Survivors of abuse often develop fears of
abandonment. Sometimes this is because our needs for love and
attention were never adequately met. As we grow into adults, we
stay in abusive relationships because we are afraid of being
abandoned again.

It is logical for a child to believe that
he/she will die if he/she loses a relationship with a caregiver.
Children are helpless and completely dependent on adults for their
survival. But as we grow into adulthood, our fears of abandonment
become illogical and self-destructive. As adults, we do not need to
accept abuse from others. We do not have to remain in abusive
relationships. We have a choice.

Our lives become dysfunctional when we
continue to act out unhealthy behavior patterns we learned in
childhood. The part of us that smokes cigarettes, drinks alcohol,
uses drugs, or is addicted to sex is often child-like in nature. It
cares only about the way it feels, and it wants to feel better
right now. There is no calculation of the cost and no consideration
of the future. This part of us is immature and impatient.

Have you ever watched a smoker who’s gone too
long without a cigarette? They get irritable. I know, because I
smoked cigarettes for over ten years. The addicted part of us wants
our cigarette/pacifier right now.

At a young age, children are driven primarily
by emotions. When they feel sad, they cry. When they feel happy,
they smile. When they want something, they scream and yell.
Children are very aware of their feelings, and they act
accordingly.

As adults, we learn to delay gratification.
We learn to consider the future. We come to understand that we
sometimes need to make sacrifices today in order to have a better
life tomorrow. We develop greater patience and realize that, even
if we can’t get all of our needs met this instant, we may be able
to fulfill some of our needs in the future.

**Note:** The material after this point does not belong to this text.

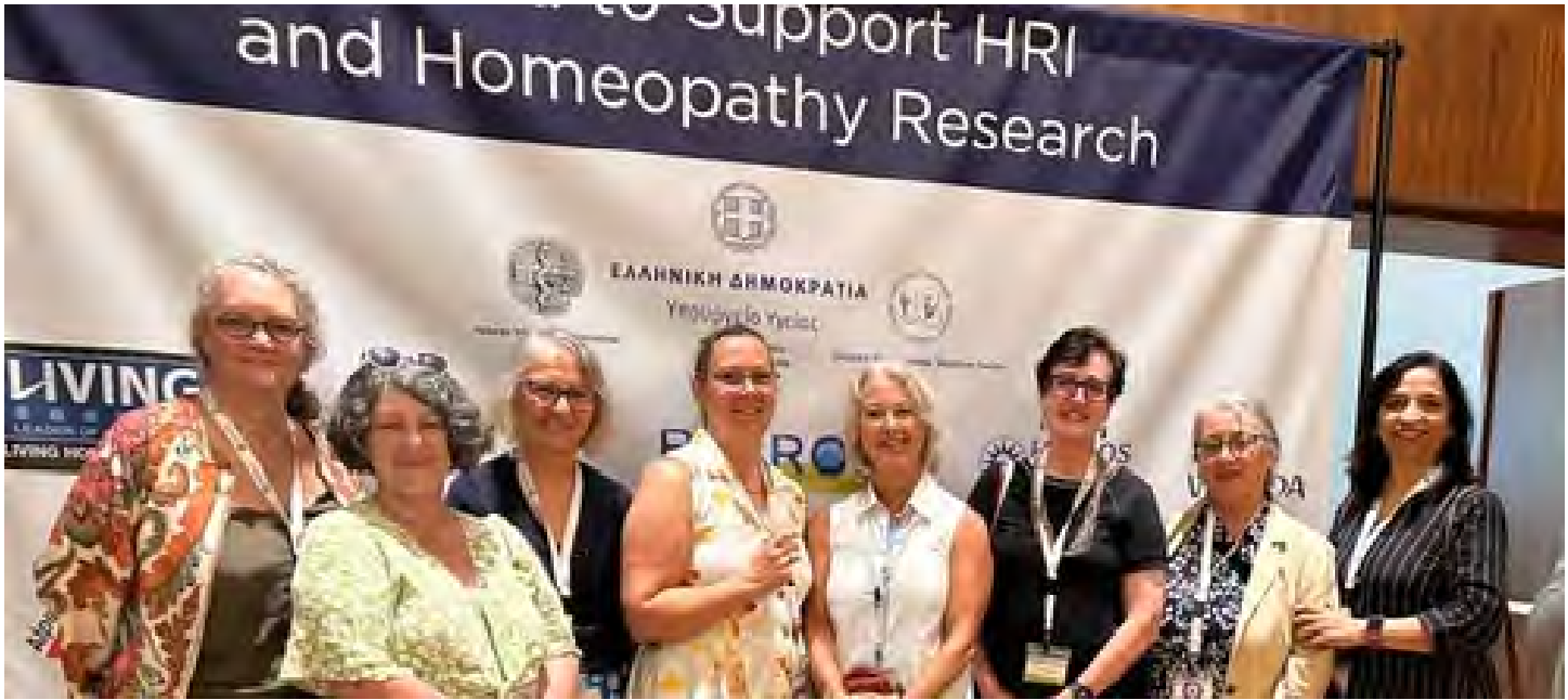
Aurum Project Members and Researchers at HRI Conference, Greece June 2025

Our inner child needs us, and we need our
inner child. The inner child is the part of us that helps us to
have fun. To let down our hair and “boogie” on the dance floor. To
feel happy and carefree on a sunny day. To give thanks for the
beautiful things in life.

For those of us who were sexually abused as
children, our inner child was deeply scarred. This pain is the
reason our inner child continues to act out. Sexual abuse often
creates a whirlwind of painful emotions that do not go away until
we allow ourselves to feel them and release them.

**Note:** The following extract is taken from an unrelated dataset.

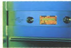
A USB port

On the rear panel of the computer there are several ports into which we can plug a wide range of peripherals – a modem, a digital camera, a scanner, etc. They allow communication between the computer and the devices. Modern desktop PCs have USB ports and memory card readers on the front panel.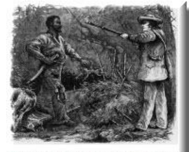
After leading a slave uprising, Nat Turner is captured

Much of what our inner child feels is grief.
My inner child has shed many tears. Neglected or abused children
often act out in self-destructive ways. Children experience pain on
a very deep level. When a child experiences something traumatic, it
may affect them for a very long time. A child who experiences
something as traumatic as sexual abuse may struggle with that pain
for the rest of his/her life.

At first, you may feel some resistance to
working with your inner child. It may seem silly at first. Yes,
here I am, talking to myself. No, really, I’m not crazy. I’m just
trying to heal every part of me. Yes, there are many different
parts of us. Some of them carry a lot of pain.

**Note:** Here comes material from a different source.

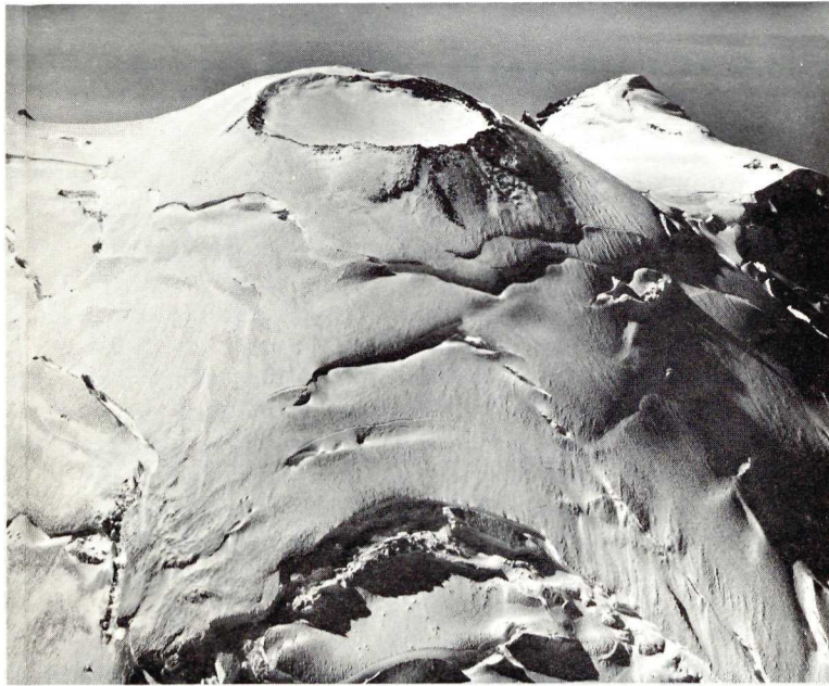
Aerial view of summit crater showing ice cap and crevasses.

The effects of altitude and habitat are reflected as definitely, but less conspicuously, in tree growth. Lowland forest, penetrating the park in the largest river valleys, reaches its upper limits around 3,000 feet. These dense, cathedral-like forests have some trees of great size. The lowland forest contains principally Douglas-fir, western hemlock, and western redcedar. Grand fir grows up the valleys to about 2,500 feet; above, it is replaced by Pacific Silver fir and noble fir.

To make this process easier, I named my inner
child Jacob and created a mental picture of what he looked like. I
found that, whenever I spoke to Jacob, my mind knew exactly which
part of me I was talking to.

This part of me, the child deep inside who
endured the pain of sexual abuse, was able to make himself known.
He acts out when he is afraid. He feels hurt and abandoned when a
relationship doesn’t work out. And he wants to be loved, cared for,
and protected just like any other child.

Having compassion for our inner child means
having compassion for ourselves. As children, we may have never
received the love we wanted. As adults, it is our responsibility to
provide ourselves with as much love as we can. It is our
responsibility to care for our inner child, the part of us that
needs it the most.

At first, my inner child rejected the love I
was sending him. He felt so angry and bitter about the abuse. Jacob
refused to believe that anyone could possibly love him. He had
built up defensive walls to protect himself, and he was not about
to let anyone in.

But I continued sending him love, and I
repeated kind words to him. Most of the time, he became very upset.
He would break down, scream and yell, push me away, or get very
angry. He didn’t want to hear it.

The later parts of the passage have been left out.